GIVEN RECORDS:
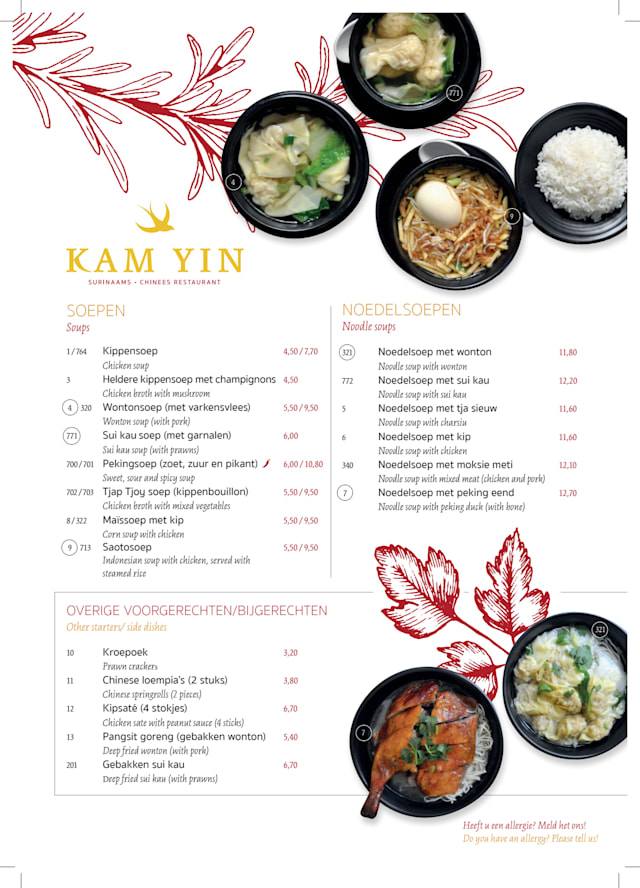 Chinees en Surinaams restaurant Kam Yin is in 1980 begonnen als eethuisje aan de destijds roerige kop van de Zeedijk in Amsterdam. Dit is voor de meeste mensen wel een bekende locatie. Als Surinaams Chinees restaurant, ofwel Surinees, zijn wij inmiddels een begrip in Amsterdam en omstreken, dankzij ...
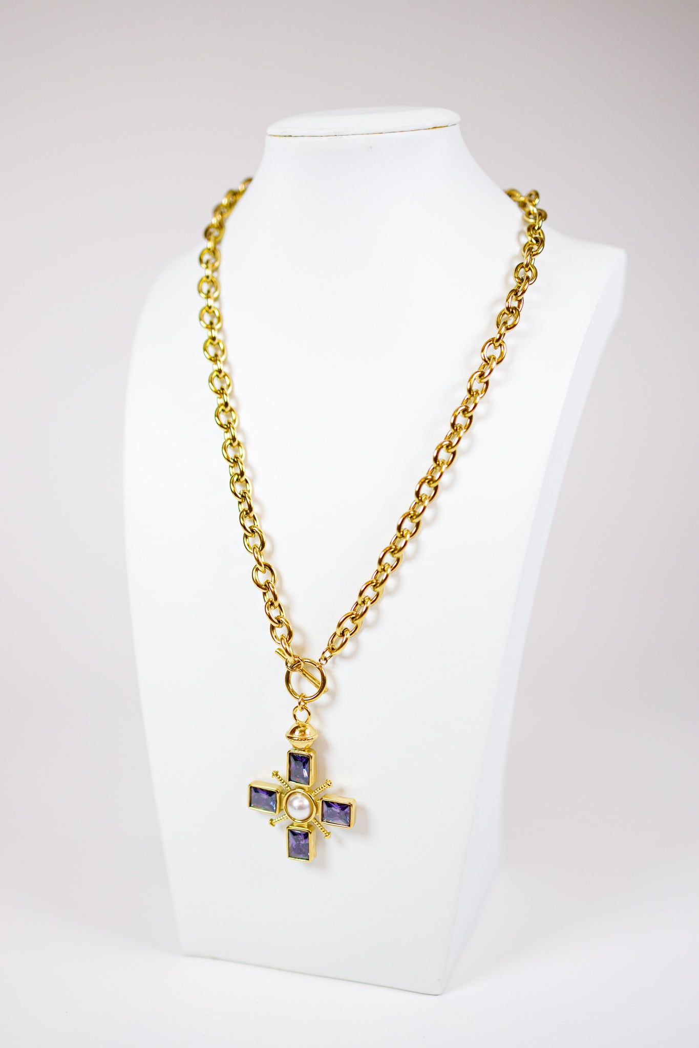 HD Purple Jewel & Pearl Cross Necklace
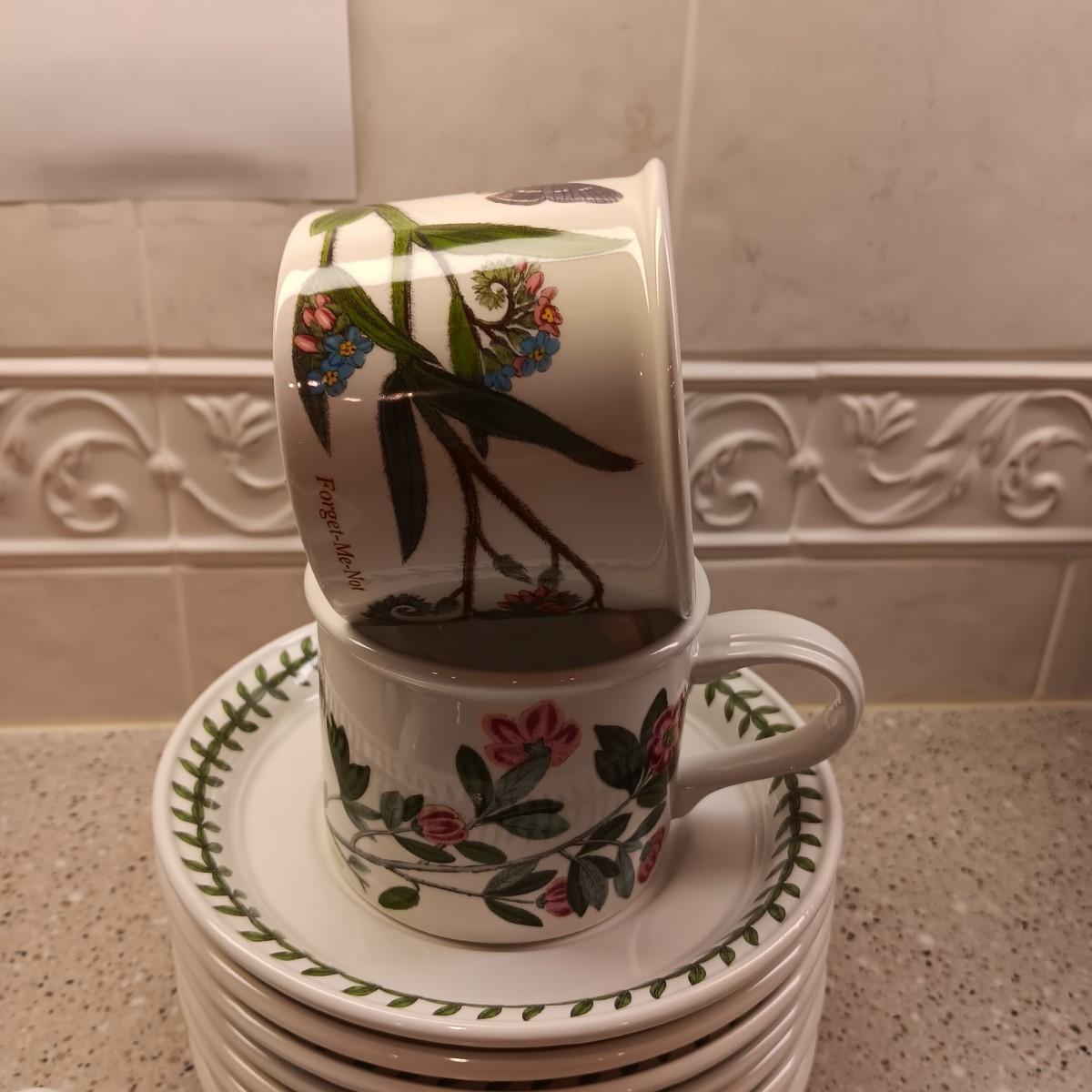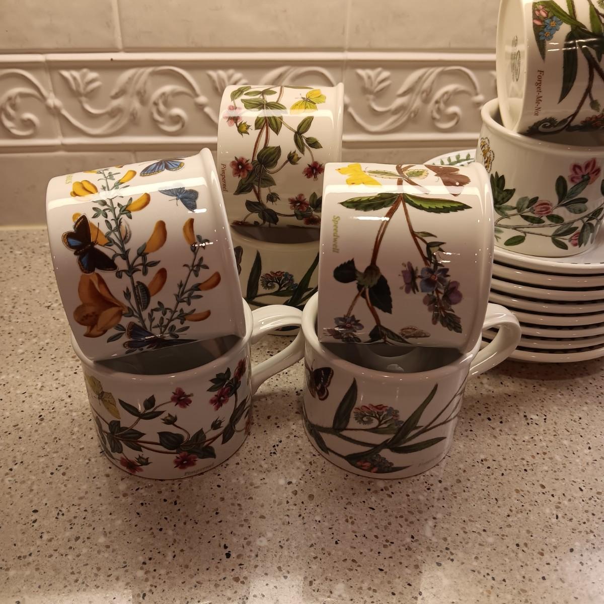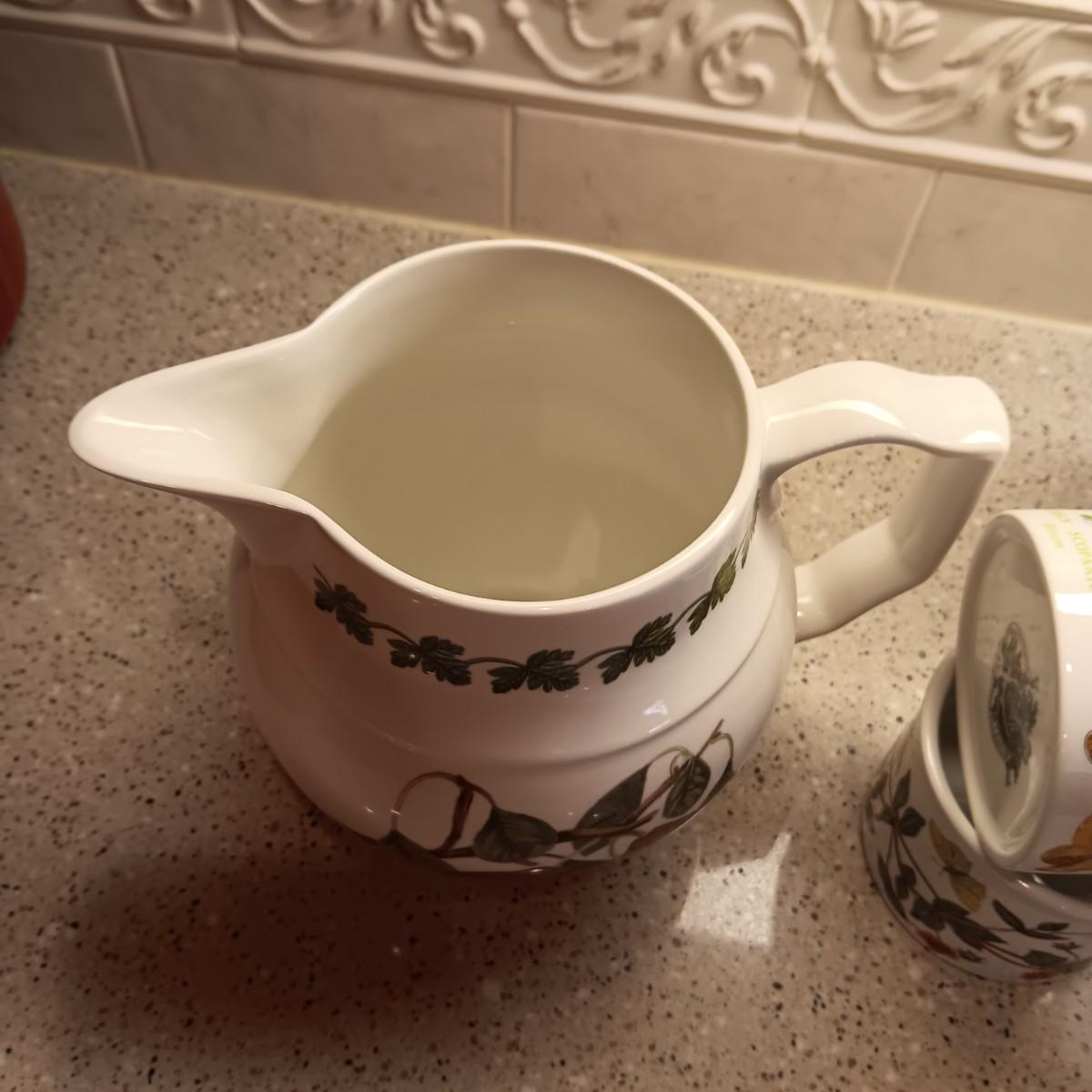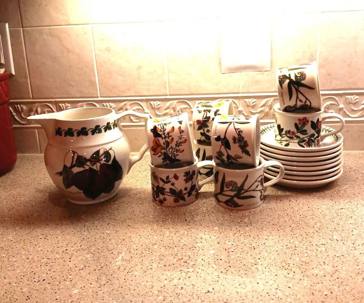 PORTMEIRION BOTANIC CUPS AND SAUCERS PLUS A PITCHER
---
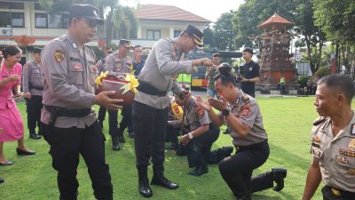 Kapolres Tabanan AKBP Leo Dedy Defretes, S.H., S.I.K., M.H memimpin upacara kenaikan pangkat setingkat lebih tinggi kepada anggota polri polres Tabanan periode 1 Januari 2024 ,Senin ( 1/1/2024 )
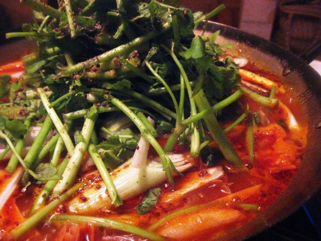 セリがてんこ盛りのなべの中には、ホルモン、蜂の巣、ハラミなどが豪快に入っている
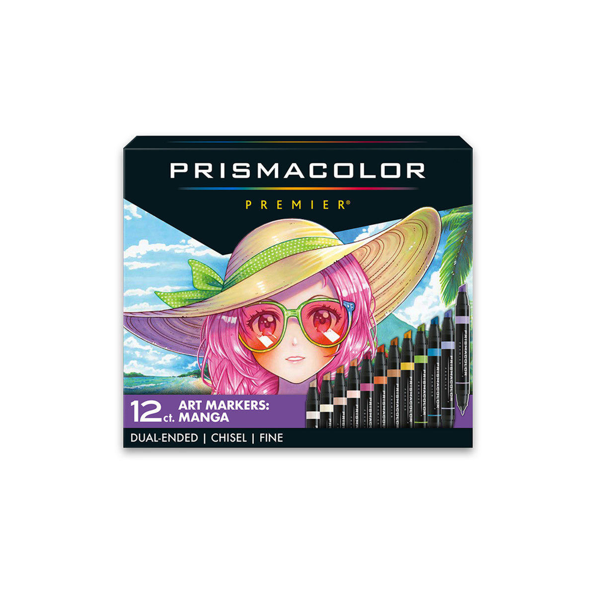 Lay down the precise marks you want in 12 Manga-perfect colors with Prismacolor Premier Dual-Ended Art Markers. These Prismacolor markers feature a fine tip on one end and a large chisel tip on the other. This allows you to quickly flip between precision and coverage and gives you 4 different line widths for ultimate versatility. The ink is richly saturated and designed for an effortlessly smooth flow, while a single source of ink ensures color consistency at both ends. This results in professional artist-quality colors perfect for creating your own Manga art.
--
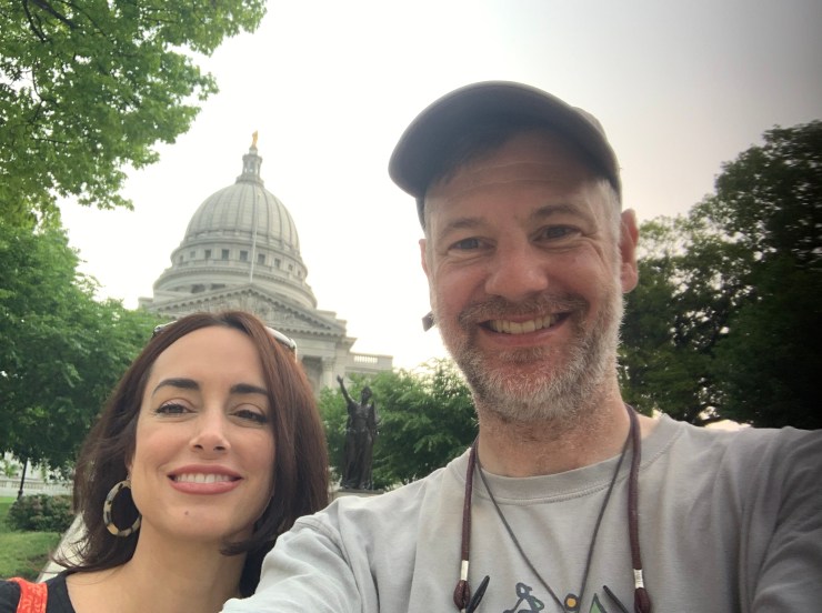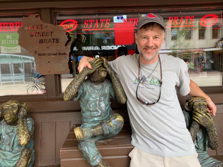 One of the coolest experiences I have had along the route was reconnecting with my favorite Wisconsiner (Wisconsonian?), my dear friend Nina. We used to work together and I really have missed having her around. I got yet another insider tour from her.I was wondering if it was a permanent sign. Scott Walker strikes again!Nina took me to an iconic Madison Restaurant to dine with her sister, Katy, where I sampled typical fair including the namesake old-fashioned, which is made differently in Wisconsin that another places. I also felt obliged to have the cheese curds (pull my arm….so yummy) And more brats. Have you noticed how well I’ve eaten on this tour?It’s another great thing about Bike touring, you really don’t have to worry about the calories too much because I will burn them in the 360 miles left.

WORK ORDER:
Starting at the line above that has "Chinees en Surinaams" and ending at the line that has "PORTMEIRION BOTANIC CUPS", copy each line exactly, leaving the pictures out and adding nothing.

EXERCISE OUTPUT:
 Chinees en Surinaams restaurant Kam Yin is in 1980 begonnen als eethuisje aan de destijds roerige kop van de Zeedijk in Amsterdam. Dit is voor de meeste mensen wel een bekende locatie. Als Surinaams Chinees restaurant, ofwel Surinees, zijn wij inmiddels een begrip in Amsterdam en omstreken, dankzij ...
 HD Purple Jewel & Pearl Cross Necklace
 PORTMEIRION BOTANIC CUPS AND SAUCERS PLUS A PITCHER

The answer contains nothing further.